(Dataset content):
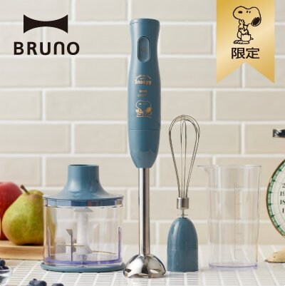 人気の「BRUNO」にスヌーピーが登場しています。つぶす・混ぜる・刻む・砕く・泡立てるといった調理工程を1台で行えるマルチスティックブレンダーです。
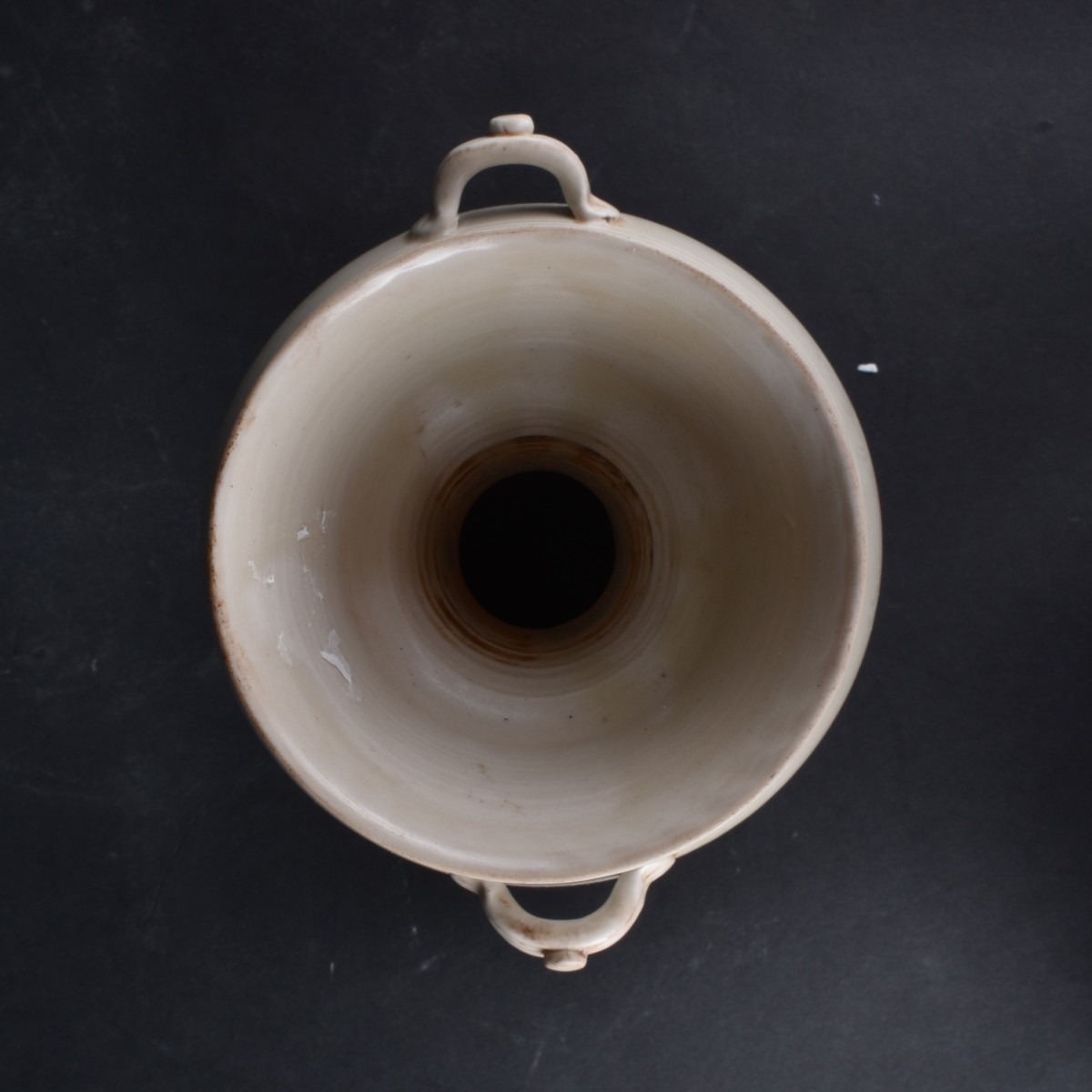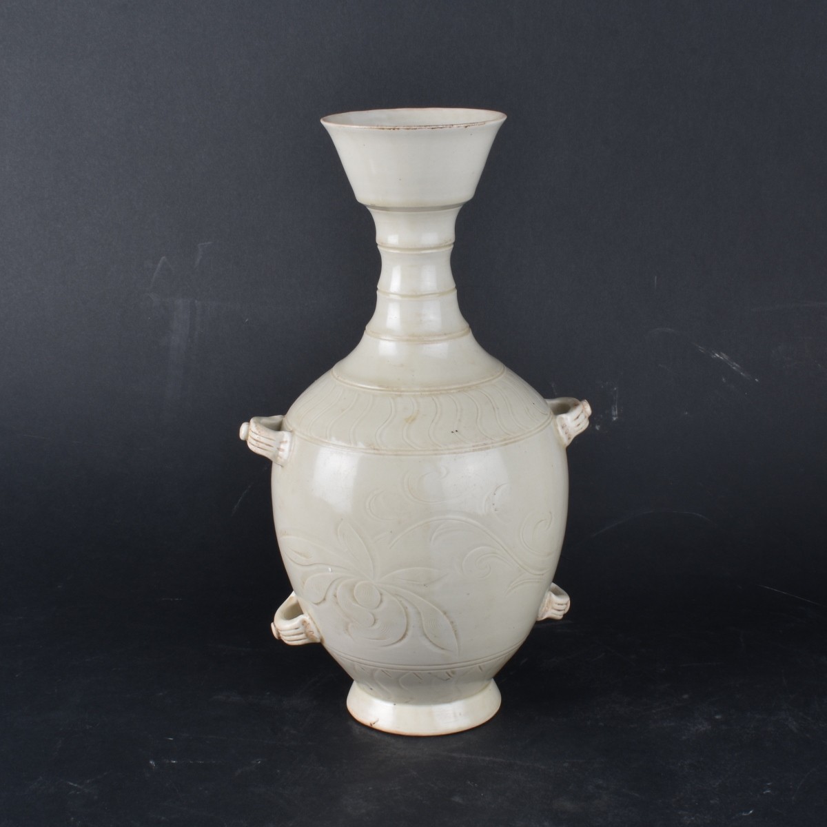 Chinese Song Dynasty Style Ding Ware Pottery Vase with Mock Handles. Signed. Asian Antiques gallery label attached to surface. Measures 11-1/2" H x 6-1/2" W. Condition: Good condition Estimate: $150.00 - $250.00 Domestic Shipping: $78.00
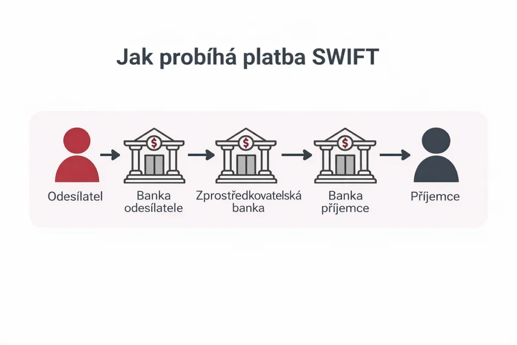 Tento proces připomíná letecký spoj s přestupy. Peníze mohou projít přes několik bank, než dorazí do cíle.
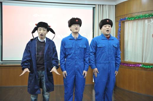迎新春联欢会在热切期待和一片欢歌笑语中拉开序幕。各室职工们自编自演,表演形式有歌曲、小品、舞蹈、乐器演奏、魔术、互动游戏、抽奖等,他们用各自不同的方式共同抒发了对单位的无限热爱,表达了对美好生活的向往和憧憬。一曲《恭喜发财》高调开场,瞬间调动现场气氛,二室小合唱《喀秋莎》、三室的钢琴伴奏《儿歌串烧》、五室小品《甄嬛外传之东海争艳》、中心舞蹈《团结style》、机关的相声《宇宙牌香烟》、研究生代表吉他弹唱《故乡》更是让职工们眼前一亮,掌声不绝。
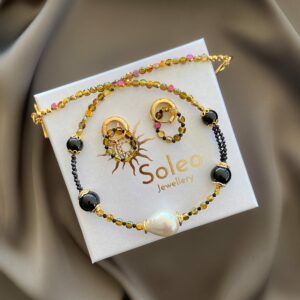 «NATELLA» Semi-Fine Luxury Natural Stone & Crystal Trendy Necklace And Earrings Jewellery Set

(Task): Find the line containing "Tento proces připomíná", then extract it and every line after it to the end of the data above, exactly and nothing else, without pictures.

(Solution to this exercise):
 Tento proces připomíná letecký spoj s přestupy. Peníze mohou projít přes několik bank, než dorazí do cíle.
迎新春联欢会在热切期待和一片欢歌笑语中拉开序幕。各室职工们自编自演,表演形式有歌曲、小品、舞蹈、乐器演奏、魔术、互动游戏、抽奖等,他们用各自不同的方式共同抒发了对单位的无限热爱,表达了对美好生活的向往和憧憬。一曲《恭喜发财》高调开场,瞬间调动现场气氛,二室小合唱《喀秋莎》、三室的钢琴伴奏《儿歌串烧》、五室小品《甄嬛外传之东海争艳》、中心舞蹈《团结style》、机关的相声《宇宙牌香烟》、研究生代表吉他弹唱《故乡》更是让职工们眼前一亮,掌声不绝。
 «NATELLA» Semi-Fine Luxury Natural Stone & Crystal Trendy Necklace And Earrings Jewellery Set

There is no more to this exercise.